Scientists have established comprehensive maps of the human epigenome, shedding light on how the body regulates which genes are active in which cells. Over the last five years, a worldwide consortium of scientists has established epigenetic maps of 2,100 cell types. Within this coordinated effort, the CeMM Research Center for Molecular Medicine contributed detailed DNA methylation maps of the developing blood, opening up new perspectives for the understanding and treatment of leukemia and immune diseases.
One of the great mysteries in biology is how the many different cell types that make up our bodies are derived from a single cell and from one DNA sequence, or genome. We have learned a lot from studying the human genome, but have only partially unveiled the processes underlying cell determination. The identity of each cell type is largely defined by an instructive layer of molecular annotations on top of the genome - the epigenome - which acts as a blueprint unique to each cell type and developmental stage.

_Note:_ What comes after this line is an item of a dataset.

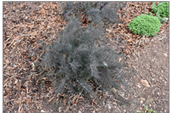
Bronze Fennel

Unlike the genome the epigenome changes as cells develop and in response to changes in the environment. Defects in the factors that read, write, and erase the epigenetic blueprint are involved in many diseases. The comprehensive analysis of the epigenomes of healthy and abnormal cells will facilitate new ways to diagnose and treat various diseases, and ultimately lead to improved health outcomes.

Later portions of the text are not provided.